▸ **WHAT YOU ARE ASKED TO DO**
In the entries that follow, repeat exactly the lines from the one that has "The document discusses" through the one that has "Teclast T20 4G Phone Fingerprint", but omit pictures.

▸ **DATA PROVIDED**
Segment Open

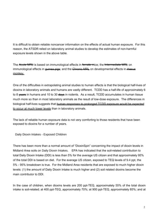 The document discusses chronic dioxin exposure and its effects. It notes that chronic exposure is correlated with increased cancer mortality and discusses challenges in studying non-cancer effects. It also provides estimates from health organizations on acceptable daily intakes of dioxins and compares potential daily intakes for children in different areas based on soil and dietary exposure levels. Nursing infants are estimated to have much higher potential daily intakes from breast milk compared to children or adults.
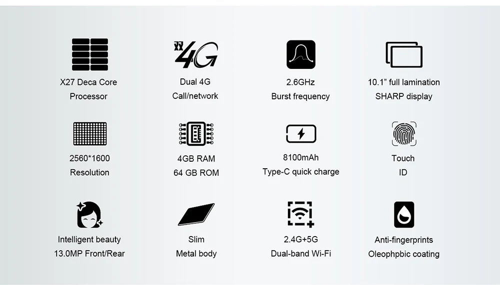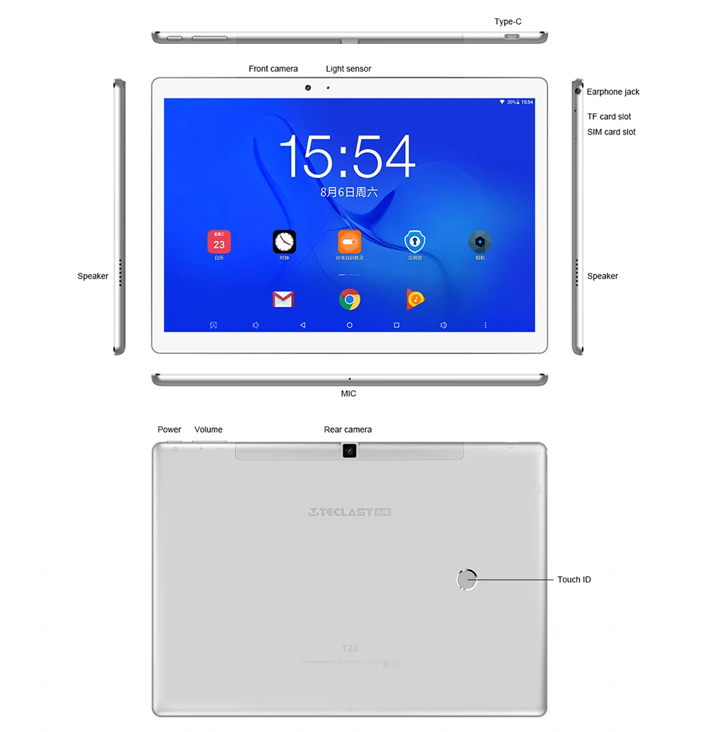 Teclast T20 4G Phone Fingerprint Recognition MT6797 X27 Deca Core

Segment Closed
Segment Open

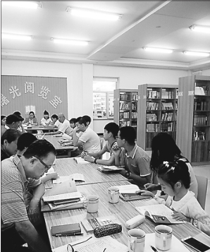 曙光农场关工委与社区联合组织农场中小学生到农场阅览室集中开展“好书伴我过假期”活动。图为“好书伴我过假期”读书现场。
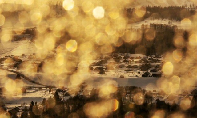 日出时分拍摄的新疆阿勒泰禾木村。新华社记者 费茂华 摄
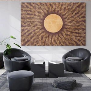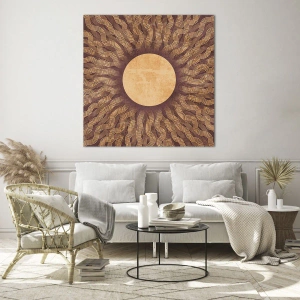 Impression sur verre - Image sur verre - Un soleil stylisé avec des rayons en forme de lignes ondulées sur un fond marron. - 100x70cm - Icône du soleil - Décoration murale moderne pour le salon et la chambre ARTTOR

Segment Closed

▸ **SOLVED PROBLEM**
 The document discusses chronic dioxin exposure and its effects. It notes that chronic exposure is correlated with increased cancer mortality and discusses challenges in studying non-cancer effects. It also provides estimates from health organizations on acceptable daily intakes of dioxins and compares potential daily intakes for children in different areas based on soil and dietary exposure levels. Nursing infants are estimated to have much higher potential daily intakes from breast milk compared to children or adults.
 Teclast T20 4G Phone Fingerprint Recognition MT6797 X27 Deca Core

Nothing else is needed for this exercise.